Computational biologists then process this voluminous data to evaluate the hosts’ responses to the virus infection, Katze explained. Analyzing and integrating the data enables the scientists to create a computer model of these complex interactions, including key genes or biochemical pathways that could provide insight on ways the virus — or its mutants — perturbs the host. These scientific findings may suggest interventions that could be tested in models and be translated into novel medical therapies for clinical trials.


The center also will work closely with the UW Institute of Translational Research to rapidly turn promising scientific discoveries into safe, effective preventions and treatments for infectious diseases, including those common in developing nations. The STRIDE center, Quigley said, is in line with all five areas that Francis Collins, director of the National Institutes of Health, says are ripe for major advances that could reap substantial benefits. These include using high throughput technologies to broadly expand the scope of biological investigations, maximizing the speed of realizing the diagnostic and therapeutic implications of scientific breakthroughs, focusing on global health, improving the quality of health care, and reinvigorating the biomedical community through the training of new scientists.


“We see the new center as a place to bridge science and clinical care to reduce the burdens of infectious illnesses that afflict millions of people around the world,” Katze said.

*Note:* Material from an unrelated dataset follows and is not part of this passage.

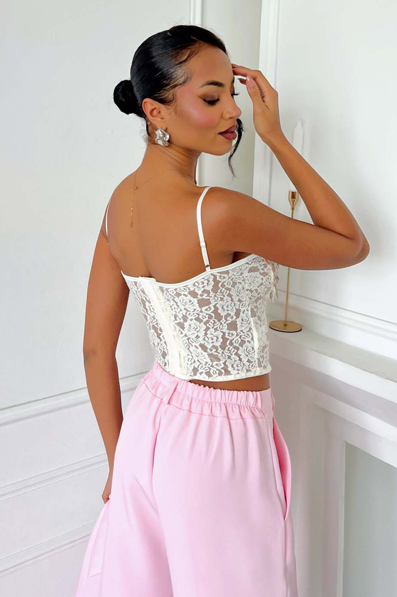 Κορσές από διάφανη δαντέλα με ανάγλυφα λουλούδια, λεπτές τιράντες και sweetheart λαιμόκοψη. Σχεδιασμένος για σταθερή εφαρμογή και σμίλευση του σώματος.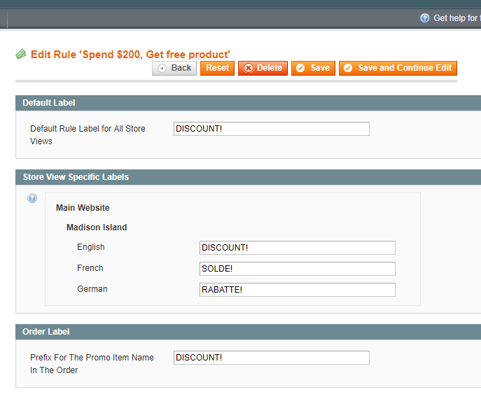 At the ‘Labels’ tab you can specify the promo text which will be displayed in the shopping cart and on the backend order page when the rule gets applied.

In addition to his leadership of the new STRIDE center, Katze is director of the Center for Functional Genomics and Hepatitis C Virus (HCV)-Associated Liver Disease, co-director of the Pacific Northwest Regional Center of Excellence, principal investigator of a National Institute of Allergy and Infectious Diseases grant on the use of systems biology approaches to study emerging respiratory virus infections, and co-investigator of a Washington State Life Sciences Discovery Grant to use proteomics to identify markers of liver fibrosis. He also heads the Division of Functional Genomics and Infectious Disease at the Washington National Primate Research Center.